Leaving all pictures aside, copy exactly the lines from the start of the listing below through the line that contains "Obraz premium first", and only those lines.

Recorded information —
::::::::::
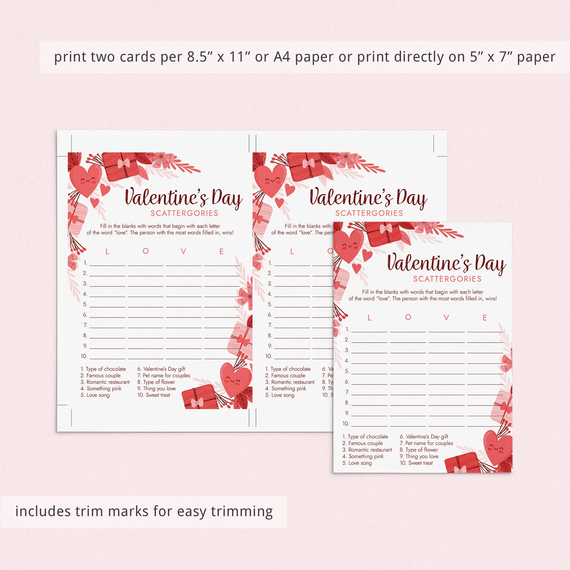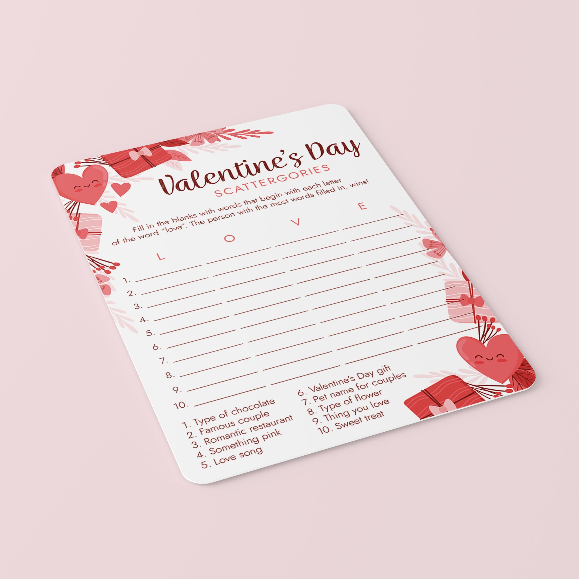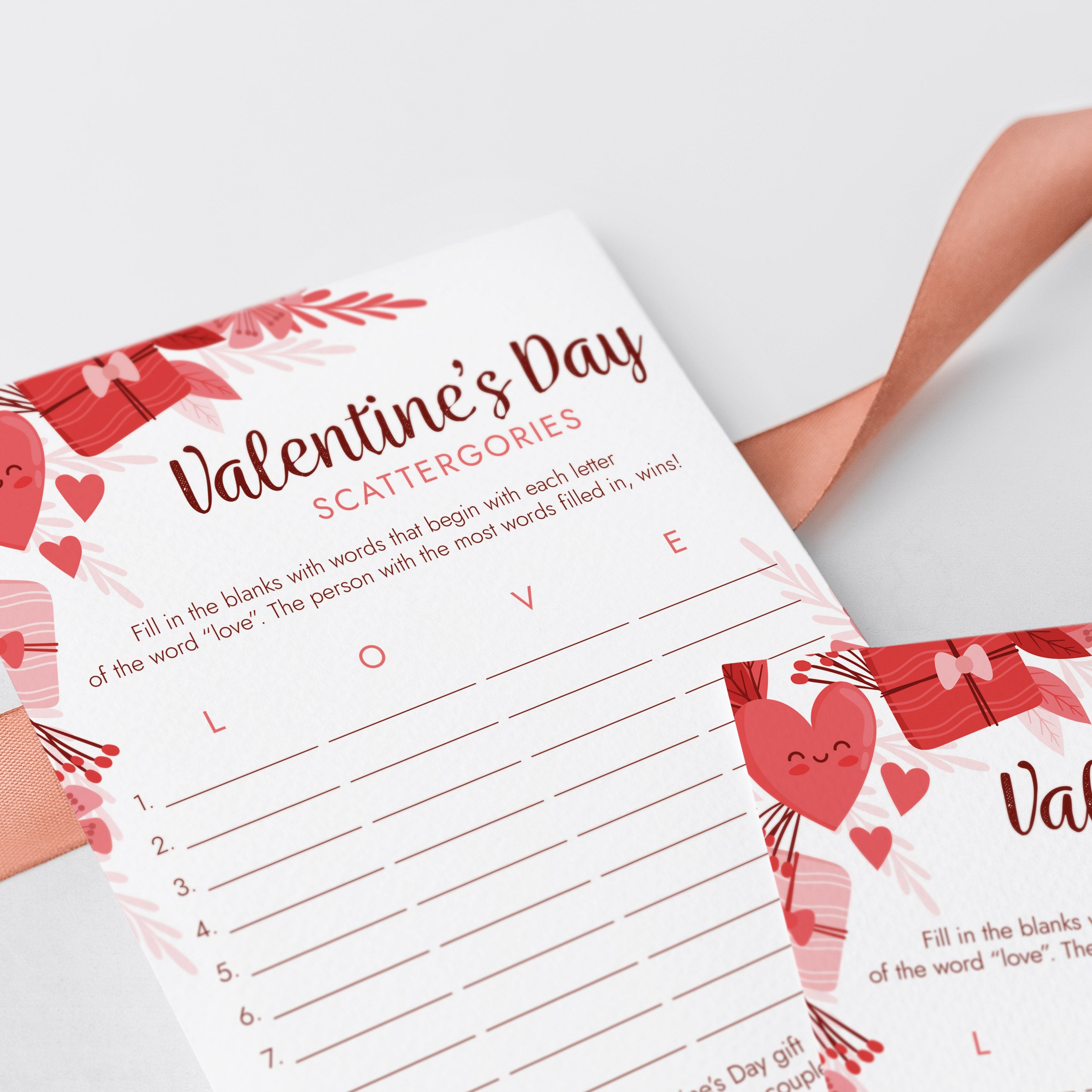 How many words can you fill in with the letters "L", "O", "V" and "E"? Play Valentine's Day Scattegories with this romantic game card. It's a great Valentine's Day game for couples. Lots of fun and laughter guaranteed.
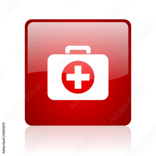 Obraz premium first aid kit red square glossy web icon on white background
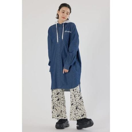 ■ポイントシャツ羽織りにもなる万能シャツワンピースです。袖をまくってとめることが出来るので晩夏から秋にぴったりです。フードも取り外し可能で、気候や気分にあわせて使えます。■ディテールバックのロゴやメッセージがダメージ感のあるツイルアップリケになっており、ヴィンテージ感のあるクールなロデオらしいデザインです。フロントは左胸にロゴ刺繍ワンポイント。脇にはシームポケットがついています。■スタイリングプリントTシャツやタンクトップに羽織として着たり、ブーツと合わせてワンピースとして着るのがおすすめです。■生地KHAとBLKは綿100%の20×16ツイルを使用。BLUは5ozINDIGOデニムを使用。製品STONEBIO加工をしています。BLUは経年劣化による色落ちがございます。後ろ身頃のアップリケ部分の裁ち切り加工は、デザイン上フリンジの出方に個体差がございます。■透け感:なし■裏 地:なし■伸縮性:なし■光沢感:なし[注意事項]※画像の商品はサンプルです。実際の商品と仕様、加工が若干異なる場合があります。※画像の商品は光の照射や角度、お使いのモニター環境により、実物と色味が異なる場合がございます。※着用、お取り扱いの際は、アテンションタグをご確認ください。
::::::::::
Response area —
 How many words can you fill in with the letters "L", "O", "V" and "E"? Play Valentine's Day Scattegories with this romantic game card. It's a great Valentine's Day game for couples. Lots of fun and laughter guaranteed.
 Obraz premium first aid kit red square glossy web icon on white background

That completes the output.